I am trying to interpret an equation, but can't understand how the less-than signs work:
$\sum _{n=1}^{\infty } \frac{1}{n^2}<1+\sum _{n=1}^{\infty } \frac{1}{n (n+1)}=1+\sum _{n=1}^{\infty } \left(\frac{1}{n}-\frac{1}{n+1)}\right)=1+1=2$
The first part returns False when I put it into Mathematica which I don't think is how it should be interpreted since this value approximates 1.644.
$\sum _{n=1}^{\infty } \frac{1}{n^2}<1$
On
Since $ \left(\forall n\geq 2\right),\ n^{2}\geq n\left(n-1\right) $, we get that $ \left(\forall n\geq 2\right),\ \frac{1}{n^{2}}\leq\frac{1}{n\left(n-1\right)} $, thus : $$ \sum_{n=1}^{+\infty}{\frac{1}{n^{2}}}=1+\sum_{n=2}^{+\infty}{\frac{1}{n^{2}}}<1+\sum_{n=2}^{+\infty}{\frac{1}{n\left(n-1\right)}}=1+\sum_{n=1}^{+\infty}{\frac{1}{n\left(n+1\right)}} $$
I suppose you can now understand why the first inequality is true.
Your statement "unpacks"
First $$\sum _{n=1}^{\infty } \frac{1}{n^2}<1+\sum _{n=1}^{\infty } \frac{1}{n (n+1)}$$ second $$1+\sum _{n=1}^{\infty } \frac{1}{n (n+1)}=1+\sum _{n=1}^{\infty } \left(\frac{1}{n}-\frac{1}{n+1)}\right)$$ third $$1+\sum _{n=1}^{\infty } \left(\frac{1}{n}-\frac{1}{n+1)}\right)=1+1$$ fourth $$1+1=2$$
The use of multiple equalities and inequalities like this is a bit abuse of notation.
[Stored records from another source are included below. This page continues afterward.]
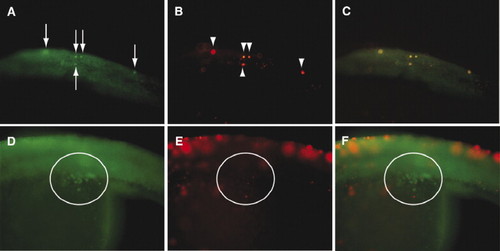 Ectopic PGCs undergo apoptosis. (A) Vasa immunostaining and (B) TUNEL analysis of ectopic PGCs in dorsal trunk of igf1rb-MO-injected embryo; (C; merged image) colocalization of Vasa-positive (arrows) and TUNEL-positive (arrowheads) cells confirms DNA fragmentation in ectopic PGCs. (D) Vasa-positive but (E) TUNEL-negative PGCs in genital ridge (circled) of igf1rb-MO-injected embryo; images merged in panel F. An absence of DNA fragmentation in genital ridge PGCs confirms survival of the subpopulation of PGCs that successfully migrate to the genital ridge. Anterior is to the left in all images; magnification, 200 x. |
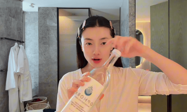 除了保养面部外,孕晚期的程晓玥不忘给身体补水,没一会儿她就喝了两大瓶矿泉水。据悉,程晓玥喝的这种品牌的矿泉水6瓶要700多元。
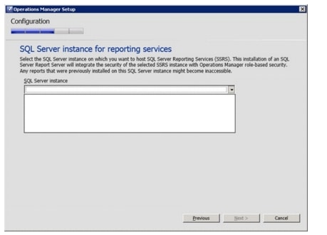 Since SQL 2012 resides on a standalone server separate from SCOM, the installation program might not be able to detect the SQL Server instance when attempted to install SQL Server Reporting Services (SSRS).

What if I wrote $$1+1+1=1+2=3$$ then you might be tempted to say $1+1+1=1+2$ is true, so the above becomes $$\text{true}=3$$ (and in certain programming languages the statement really would be interpreted like that) but this is almost never what is meant. What is meant is that the series of (in)equalities should be unpacked, here as $1+1+1=1+2$ and $1+2=3$, independently.